The FDA on Tuesday granted approval to Genzyme’s eliglustat (Cerdelga), the only first-line oral therapy for patients with Type 1 Gaucher disease.

The rare genetic disease occurs in patients who do not produce enough of the enzyme glucocerebrosidase, which causes fatty materials to collect in the spleen, liver, and bone marrow. Eliglustat inhibits the metabolic process that forms the production of the fatty materials in those with the disease, which currently affects approximately 6000 people in the United States.

In a press release, Amy G. Egan, MD, MPH, deputy director of the FDA Office of Drug Evaluation III, said eliglustat's approval "offers another important treatment option for patients with Type 1 Gaucher disease. In addition to its approval, Cerdelga received orphan drug designation from the FDA, “reflecting the agency’s focus and commitment to the development of treatments for rare diseases,” added Dr. Egan.

Eliglustat was evaluated in 2 separate clinical studies that enrolled nearly 200 Gaucher disease patients. In the first double-blind, placebo-controlled trial, 40 patients with Type 1 Gaucher disease who had not received prior enzyme replacement therapy were evaluated over a period of 9 months.

After receiving a starting twice-daily dose of 42 mg, treatment with eliglustat showed a greater reduction in spleen volume from baseline to week 39 when compared with placebo. The drug also showed increased improvement in liver volume, blood platelet count, and hemoglobin level compared with placebo.

In the second trial, eliglustat was compared to an enzyme replacement therapy in 159 patients with Type 1 Gaucher disease who had been previously treated and stabilized on the drug imiglucerase. The trial found eliglustat treatment offered the same stabilization of hemoglobin level, platelet count, and spleen and liver volume as imiglucerase therapy.

In both clinical trials, common adverse events associated with eliglustat use included fatigue, headache, nausea, diarrhea, back pain, pain in extremities, and upper abdominal pain.

Genzyme anticipates eliglustat will be available to patients within a month, although a limited number of patients metabolizing eliglustat at a more rapid or undetermined rate will not be eligible for the treatment.

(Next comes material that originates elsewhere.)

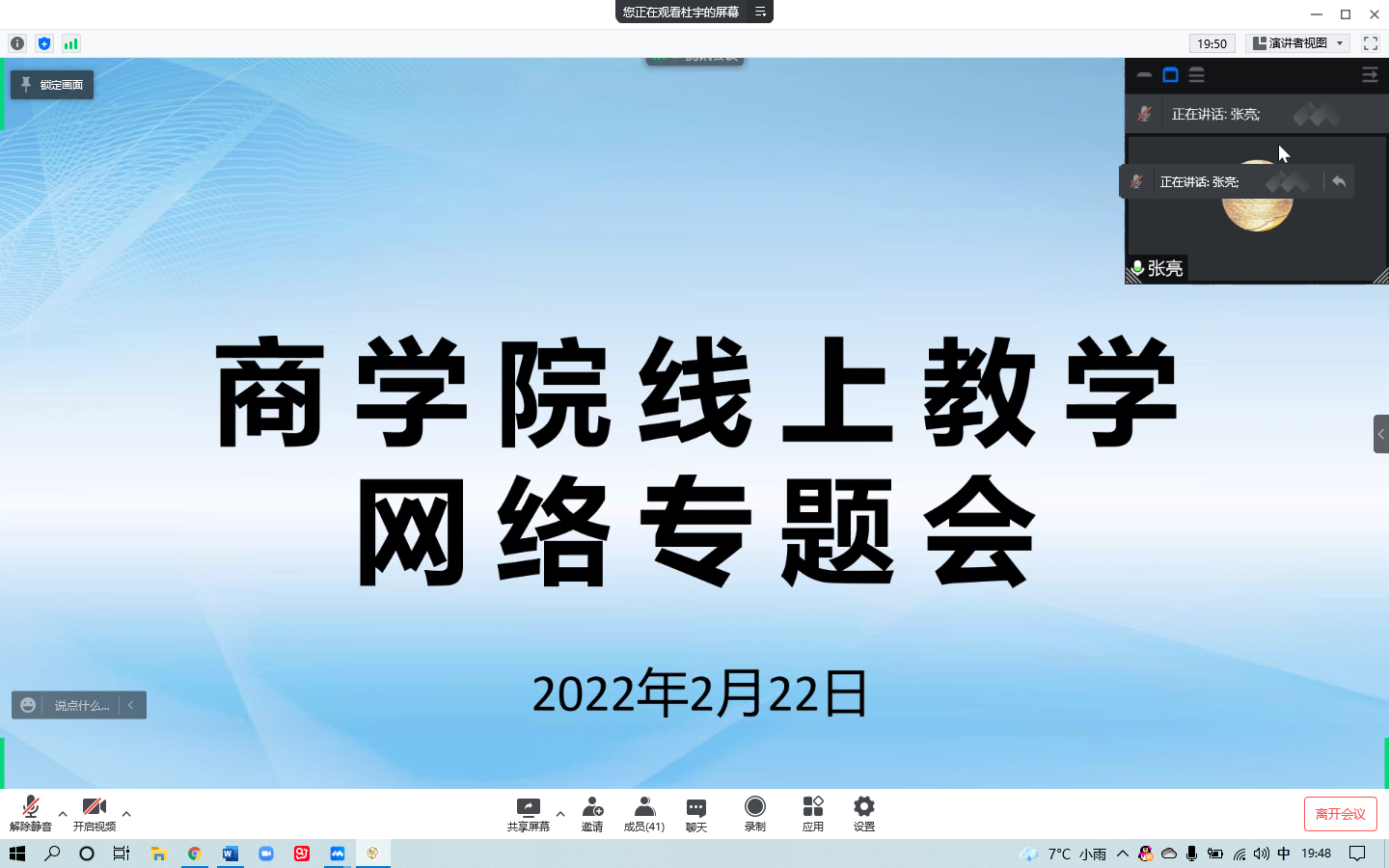 本网讯(通讯员 杜宇)为切实做好线上教学工作,确保疫情防控期间公司产品质量,2022年2月22日晚上7:30,商公司召开了线上教学网络专题会议。经理严立冬、党总支书记胡紫玲、副经理张亮、经理助理刘昊昕及全体教职工通过腾讯会议参加了本次会议。会议由副经理张亮主持。

“Cerdelga is an important new option for people living with Gaucher disease Type 1,” said Rhonda Buyers, CEO of the National Gaucher Foundation, in a press release. “As enzyme replacement therapy is the standard of treatment for Gaucher disease, patients receive regular intravenous infusions for life. With FDA's approval of a first-line oral treatment, Cerdelga has the potential to be a valuable treatment option for people living with this serious disease.”